Although it has not so far done so, the Capital Markets, Insurance and Savings Authority could intervene on two further aspects of nursing care insurance. It could oblige the health funds to raise the premiums they charge, and it could make conditions for approving a claim stricter.
The Capital Markets, Insurance and Savings Authority’s decision came in the wake of a substantial rise in the rate of nursing care claims at the health funds, mainly because of easier conditions for receiving benefits following relaxations by the National Insurance Institute, which in effect also oblige the health funds to relax their conditions. At the same time, life expectancy has increased, as has the public’s awareness of the existence of nursing care insurance, and companies have sprung up that assist insurees in making claims.
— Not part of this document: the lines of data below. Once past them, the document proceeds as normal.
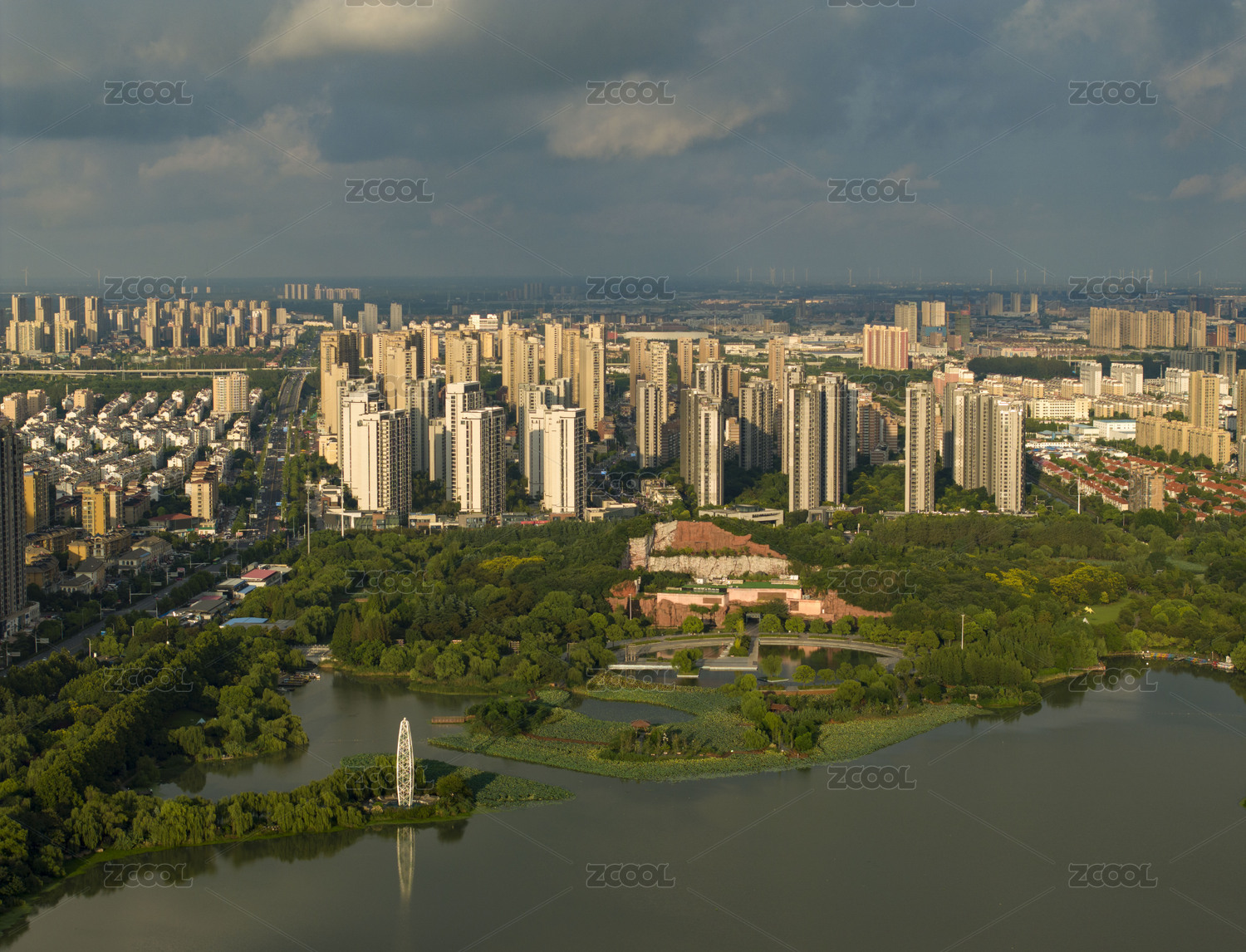 四川成都东湖公园及市区建筑航拍图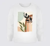 Foglie stilizzate in nero e verde si stagliano su uno sfondo di strisce curve e fluide in morbide tonalità di terra. Il disegno combina elementi botanici con forme geometriche astratte per un look moderno.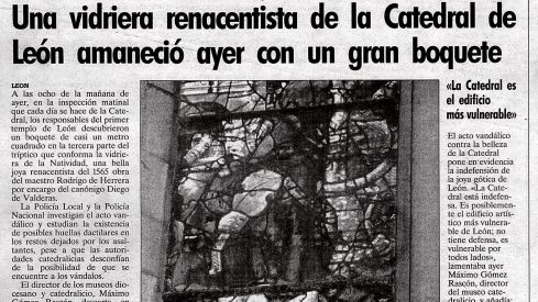 Pero también por estas fechas de abril, concretamente el 22, el templo leonés sufrió un atentado que no hacía temer por su ‘integridad’ pero había causado un daño irreparable a su gran valor, las vidrieras. Cuando a las ocho de la mañana llevaban a cabo lo que parece que era un ritual, observar la normalidad en el templo después de cada noche, descubrieron un boquete de casi un metro cuadrado en la tercera parte «del tríptico que conforma la vidriera de la Natividad, una jora trenacentista de 1565, obra del maestro Rodrigo de Herrera, por encargo del canónigo Diego de Valderas. Gómez Rascón, el gran experto en Patrimonio de la iglesia no dudaba en afirmar que se trataba de «la mayor agresión que ha sufrido la primera joya del arte de León».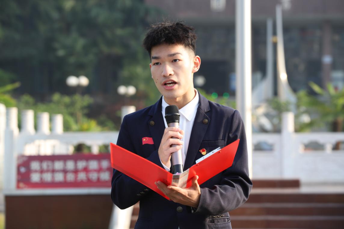 学生代表1901班汪子恒同学以“红色的五月、奋斗的青春”为主题发表国旗下的演讲,他带领大家回顾了中国共产主义青年团在党的领导下始终坚定不移跟党走的光辉历程,号召同学们要坚定信念,志存高远;要勤于学习,知行合一;要弘扬正气,勇担使命。
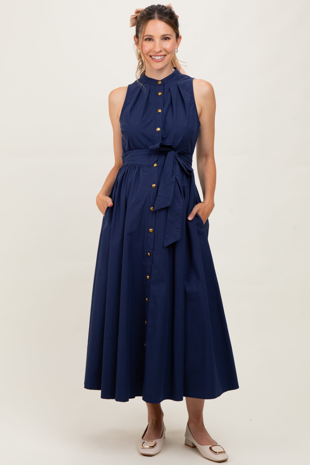 Navy Button Down Sleeveless Maternity Shirt Dress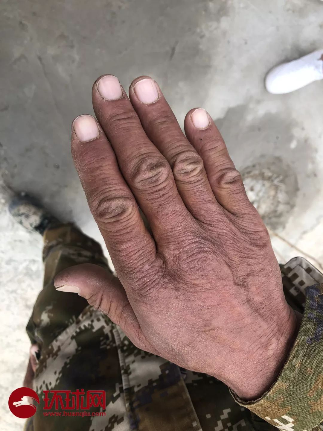 烏什縣亞曼蘇柯爾克孜民族鄉巡邊員托乎提·提來西的手被高海拔陽光曬成紫紅色。范凌志攝

The fear is that the insurance funds will be emptied out and will collapse, so that young people now paying for nursing care in the future will not receive any allowance at all. The health funds do not want to raise their premiums for fear of losing insurees, and of people on low incomes being left without coverage.
In theory, since the insurance is provided by the health funds, the state could guarantee it, but at the moment it is not clear that it will do so. Several possible solutions have been raised. The first is government aid, that is, from taxpayers’ money. The argument raised against this is that it will mean that people who cannot afford nursing care insurance will be subsidizing those who can.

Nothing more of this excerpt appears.